Type K --- Chromel ( Nickel-Chromium Alloy ) / Alumel ( Nickel-Aluminium Alloy )
This is the most commomly used "general purpose" thermocouples. They are available in the ~ -200 °C to +1200 °C range. The characteristic of the thermocouple undergoes a step change when a magnetic material reaches its Curie point. This occurs for this thermocouple at ~ 352°C. Sensitivity is ~ 41 µV/°C. Type K and N are the most oxidation resistant base metal thermocouples. Not recommended for temperature of 1200C for long period.

Type J --- Iron / Constantan
Limited range (~ -40 to +750 °C) makes type J less popular than type K. The main application is with old equipment that cannot accept modern thermocouples. J types cannot be used above 760 °C as an abrupt magnetic transformation causes permanent decalibration. The magnetic properties also prevent use in some applications. Type J's have a sensitivity of ~ 53µV/°C. Not recommended for temperature higher than 480C because of the higher oxidation rate of the iron element.

Type T --- Copper / Constantan
Good for temperature in the ~ -200 to 350 °C range. Non-magnetic, type T thermocouples are a popular choice for strong magnetic fields and subzero environments. Type T thermocouples have a sensitivity of ~ 43 µV/°C. Most accurate base-metal thermocouple. Can be used in vacuum and in oxidizing, reducing, or inert atmospheres.

Type E --- Chromel / Constantan ( Copper-Nickel Alloy )
Type E has a high output ~ 68µV/°C which makes it well suited to cryogenic use. It is also non-magnetic. Recommended for use up to 870C in oxidizing or inert atmospheres.

Type N --- Nicrosil (Nickel-Chromium - Silicon Alloy) / Nisil (Nicke l- Silicon Alloy)
High stability and resistance to high temperature oxidation makes type N suitable for high temperature measurements without the cost of platinum (B, R, S) types.
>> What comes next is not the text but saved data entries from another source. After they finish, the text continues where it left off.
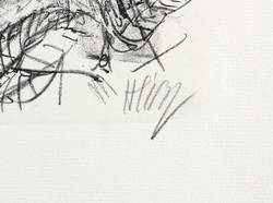 Bernhard Heisig (1925 Breslau - 2011 Strohdehne). Deutscher Maler und Grafiker. Einer der wichtigsten Repräsentanten der DDR-Kunst. Bildet mit Werner Tübke und Wolfgang Mattheuer die berühmte Trias der Leipziger Schule. Ab 1954-68 Dozent an der Hochschule für Grafik und Buchkunst in Leipzig. Dort 1961 zum Professor ernannt und als Rektor gewählt. Von 1956-59 Vorsitzender des Verbandes Bildender Künstler (VBK) im Bezirk Leipzig. 1976 Rückkehr an die Hochschule. Zu seinen Schülern gehören u.a. Hubertus Giebe, Arno Rink und Neo Rauch.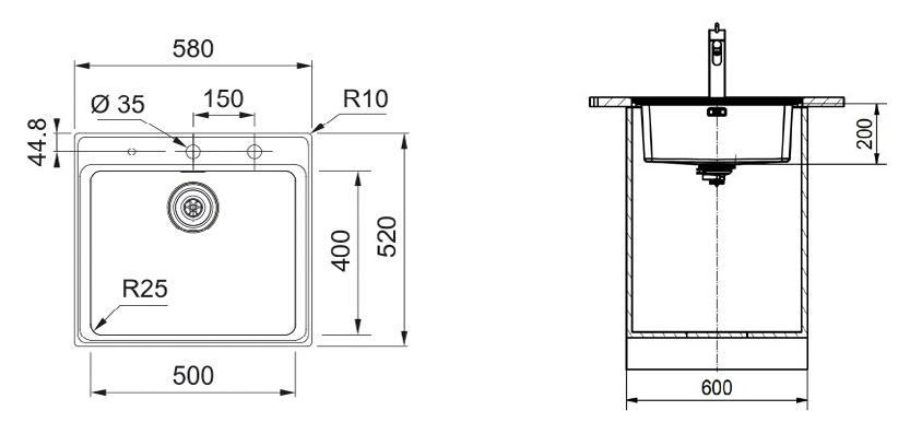 Beckenaußenmaß: 580x520mm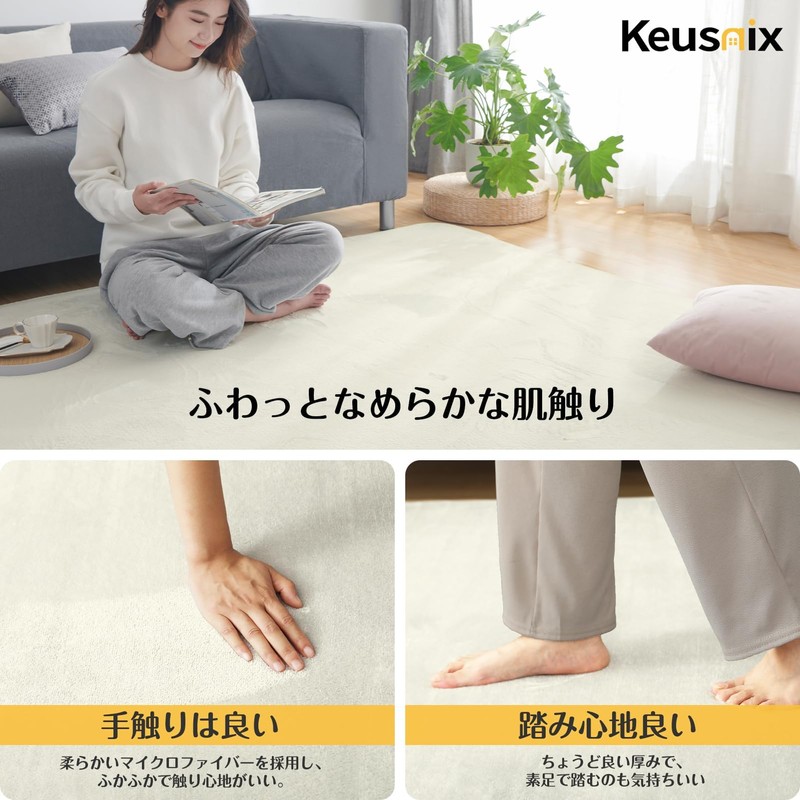 Keusnix Rug, Carpet, Rug, Round, 45.3 inches (115 cm), Anti-Slip, Washable, Dust Mite, Antibacterial, Odor Resistant, Comfortable for All Seasons, Carpet Heating, Hot Carpet, Fluffy Touch, Flannel

They can withstand temperatures above ~1200 °C. Sensitivity ~ 38 µV/°C at 900°C.

Thermocouple types R, S and B are all noble metal thermocouples and exhibit similar characteristics. They are the most stable of all thermocouples, but due to their low sensitivity ~ 10 µV/°C they are usually used for high temperature measurement (>300 °C).
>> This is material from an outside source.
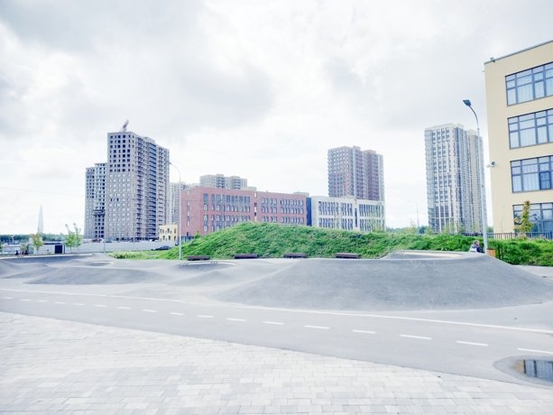 В то же время здесь лесная дорога рядом, беседки у леса, дорожки из настилов посреди деревьев, а в ночное время они подсвечены фонарями, шатёр для йоги на свежем воздухе, лодочный причал, с которого можно плыть по реке Юнтоловка к Лахтинскому разливу - вещи, отсутствующие во многих районах города.

Type B --- Platinum 30% Rhodium / Platinum 6% Rhodium
Good for high temperature measurements up to ~ 1800 °C. Type B thermocouples (due to the shape of their temperature to voltage curve) give the same output at 0 °C and 42 °C. This makes them useless below 50°C.

Type C --- Tungsten 5% Rhenium / Tungsten 26% Rhenium
Good for temperature ~ 35 to 4200°F. This thermocouple is well suited for vacuum furnaces at extremely high temperatures and must never be used in the presence of oxygen at temperatures above 500°F.

Type R --- Platinum 13% Rhodium / Platinum
Good for high temperature up to ~1600 °C. Low sensitivity ~10 µV/°C and high cost makes them unsuitable for general purpose use.

Type S --- Platinum 10% Rhodium / Platinum
Good for high temperature measurements up to 1600 °C. Low sensitivity ~10 µV/°C and high cost makes them unsuitable for general purpose use. Due to its high stability, type S is used as the standard of calibration for the melting point of gold (1064.43 °C).

Type M --- Nickel Alloy 19 / Nickel-Molybdenum Alloy 20
This type is used in the vacuum furnaces as well for the same reasons as with type C above. Upper temperature is limited to 2490°F.